Studio album by Hebe Tien
- Released: 24 September 2026
- Genre: Mandopop
- Length: 0:36:55
- Language: Mandarin
- Label: Pourquoi Pas Music
- Producer: George Chen (陳建騏)

Hebe Tien chronology
| Time Will Tell (2020) | The Land of Maybe (2026) |  |

= The Land of Maybe (Hebe Tien album) =

The Land of Maybe (要去什麼地方) is the sixth studio album by Taiwanese Mandopop artist Hebe Tien. The digital album was released on 24 September 2026 by Pourquoi Pas Music, followed with the CD album to be released on 11 December of the same year. It was produced by George Chen, who was the producer for her previous album, Time Will Tell as well.

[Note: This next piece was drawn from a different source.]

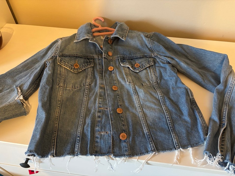 Mavi kadın denim ceket, düğmeli ön kısmı ve kesik yaka detayıyla rahat bir kesime sahiptir. Uzun kollu, normal boyda ve parlak kumaftan üretilmiştir. İki düğmeli göğüs cebi bulunur. Colins marka m beden kot ceket
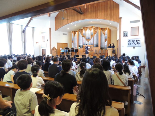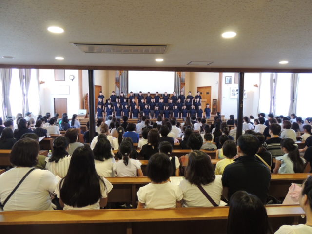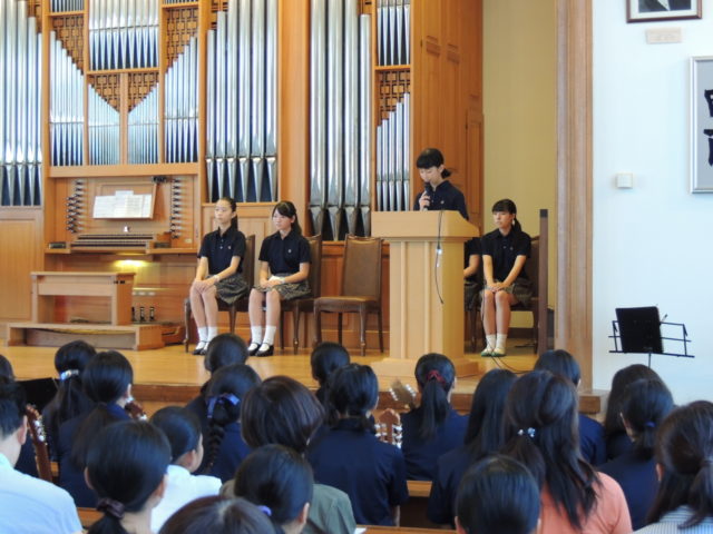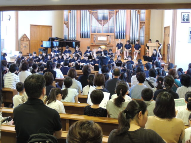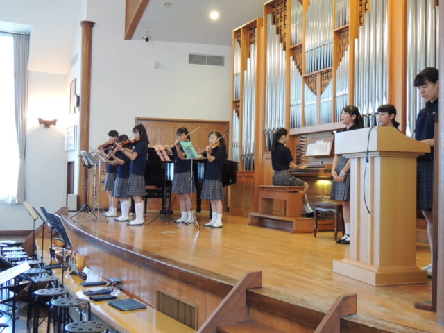 パイプオルガンの前奏、メッセージとお祈りは今年入学した中学1年生が務めました。そして後奏はマンドリン部の演奏でした。

== Background and release ==
Tien's fifth studio album, Time Will Tell was released on 25 September 2020, and concluded her second concert tour One, After Another. At the 32nd Golden Melody Awards, Tien received the Best Female Mandarin Singer award for the album, along two other awards out of seven nominations.

In 2025, Tien embarked on the Field Survey: Live in Life Tour and released the single "On Three" as part of the tour's promotion.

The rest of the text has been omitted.